I'm reviewing submissions for a conference I'm somewhat involved it, so here's some advice. 1/n
If the number of years you've been a programmer really is the most interesting fact about you, then by all means, open your bio with that. For everybody else, make your bio about the good stuff. 2/n
"X can be challenging. In this talk, we'll look at some [techniques|patterns|approaches] to deal with X." -> Tells us something about those approaches, because if you don't, it's hard to evaluate if it's going to be worth watching. 3/n
Teasers are for movies. If you are worried about spoiling the secret in a two paragraph abstract, maybe it wasn't interesting enough to begin with? For everybody with good ideas, tell your audience what they are in the abstract. 4/n
"We'll use X to implement an example" -> Unless X can be assumed to be widely known, add a few words about what X is. "We'll use X (a Java framework for doing foo) to implement..." 5/n
Your audience includes people who have been doing the thing you're talking about for 5 years longer than you. They want to know if they're going to learn some radical new insights or an introduction to the basics. You do them a service by helping them evaluate that. 6/n
The goal of your abstract is not to draw in as many people as possible. It's to draw in the people who need and _filter out_ the ones who don't. (Also, you'll get better reviews.) 7/n
Storytelling! I'm looking at a submission about scaling an NGO's system to help a 100s of millions of people, but it explains the context of the problem it's solving beautifully. Instead win. 8/n
*instant win
I can sometimes tell from the abstract that the submitter only knows one programming language.

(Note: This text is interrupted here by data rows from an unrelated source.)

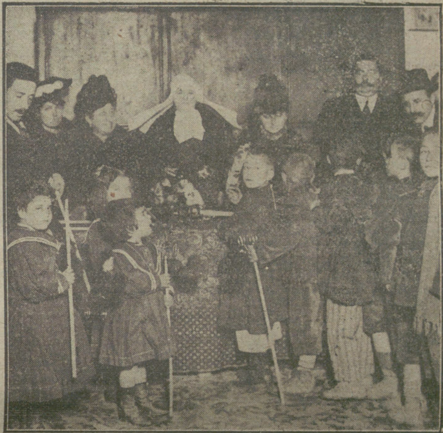
EL DIA DE REYES.—La condesa de San Rafael presidiendo el reparto de juguetes á los asilados de Vallehermoso, verificado ayer tarde.

El incidente de las Juntas de brigadas ha dado lugar á unas medidas enérgicas que toda la nación aplaude con la limitadísima excepción de los agitadores que han visto frustrados sus propósitos. La actitud del Gobierno ha contribuido poderosamente á tranquilizar al país, demostrando, contra lo que pudiera sospecharse por la diversidad de elementos que lo integran, que es un
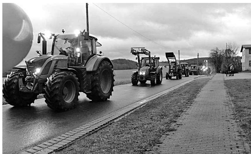
Bäuerinnen und Bauern führten mit ihren Traktoren die Menschenkette an
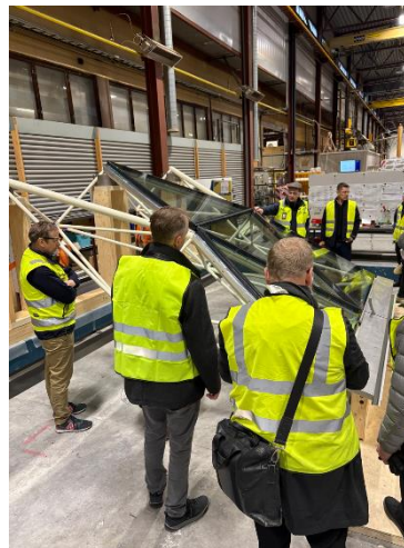
Kuva 6-9. Halkopihan lasikatteen mallikatselmusta.

Lasikaton rakenteita suunniteltaessa on otettu huomioon paitsi sen massiivinen koko, niin myös paloturvallisuus, sekä suomen talven lumikuormat ja vaihtelevat keliolosuhteet.
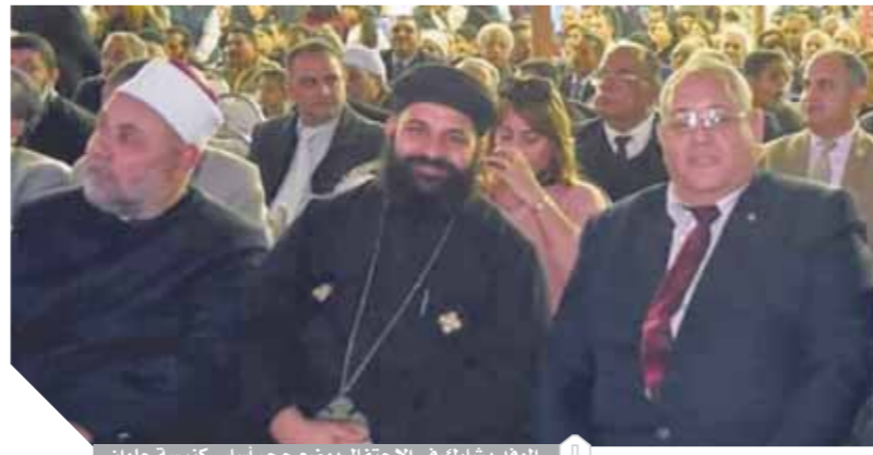
الوفد يشارك في الاحتفال بوضع حجر أساس كنيسة حلوان
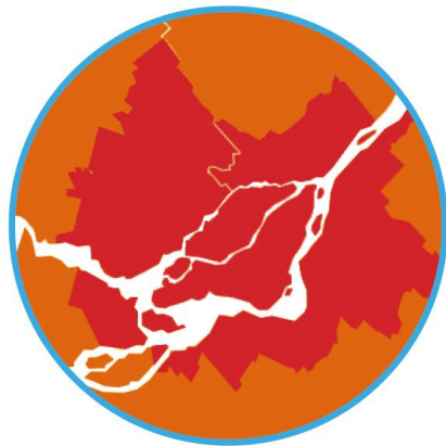
Montréal et environs

Often, something that is hard or new in your tech stack was long solved in others. If you submit to a general conf, look around at other communities first. 9/n
Your abstract and bio are not the only thing I look at btw. I have this little website called google where I can find your blog and videos, so it helps if you have stuff out there. 10/n
Speaking of blogs, often I read a 2 paragraph abstract, and have no clue what it's about. Then I read your 4 paragraph blog post, and it's all very clear. Abstracts shouldn't be mysterious puzzles. 11/n
(Side note, I've sinned against all these myself 🙃)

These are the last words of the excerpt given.